1977 South Korean-Hong Kong film by Kim Si-Hyun

Secret Bandit of Black Leopard commonly known as its international title Enter the Invincible Hero is 1977 Bruceploitation martial arts drama film starring a Korean Bruce Lee imitator Dragon Lee and Taekwondo master Casanova Wong. It is one of Dragon Lee and Casanova Wong's first collaboration.

==Plot==
Ti-Meng (Dragon Lee) the young man who is looking for the job offers his services for protection outfit. When the money from the village has stolen from the bandits Meng was compensate and everyone blamed him for losing all the money. However it turns out that all the money was stolen from the Pang (Casanova Wong) who is also Ti-Meng's old school friend.
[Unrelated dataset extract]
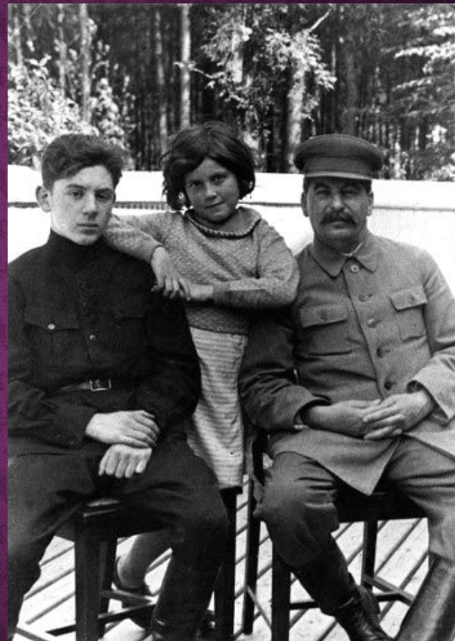
Светла́на Йо́сифовна Аллилу́ева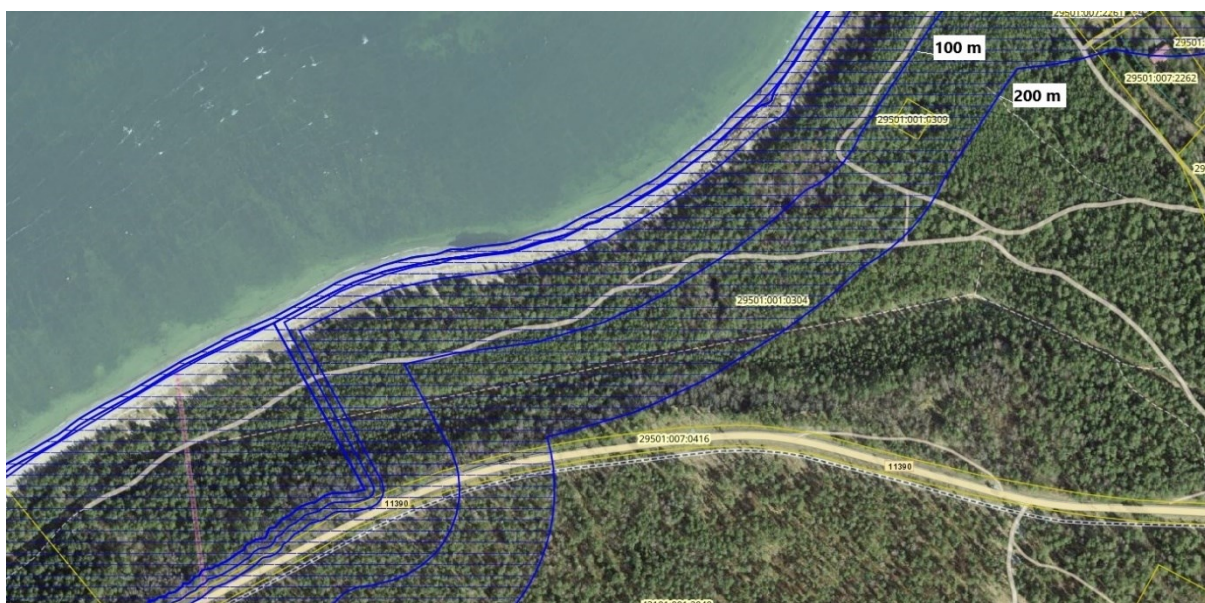
Joonis 2. Ranna ehituskeelu- ja piiranguvöönd - märgitud sinise viirutusega.

Ehituskeeluvööndis on keelatud uute rajatiste ehitamine 5 . Antud juhul ei rakendu ka ükski LKS § 38 lg 4-6 välja toodud erisustest ehituskeeluvööndisse ehitamiseks.

Ti-Meng finds out the whole situation and decided to get all the money back from Pang. at first pang humiliates and defeats Ti-Meng. at the end fight Ti-meng defeats and kills pang with his new art

==Cast==
- Dragon Lee - Ti-Meng
- Casanova Wong - Pang
- Choi Min Kyu - Wu Tin
- Lee Ye Min - Mr.Lee
- Kim Young Suk - Pang's gang
- Danny Tsui - as Pang's gang
- Chen Shao Lung - Killer of Pang's father (Archive footage from THE MAGNIFICENT)
- Lee Hoi Sang - (Intro fighter, archive footage from ENTER THREE DRAGONS)
- Seo Jeong Ah - Mr. Lee's daughter
- Kim Won Jin - extra

==Reception==
In webpage Oocities the movie was fairly receive pretty well. J. Doyle Walls DVD Talk mentioned that movie is fairly decent as a Bruceploitation
standard

==Production==
Unlike usual Godfrey Ho movie the movie did not use that much cut and paste technique. However some of the archive footage from Enter Three Dragons and The Magnificent have been used in the movie.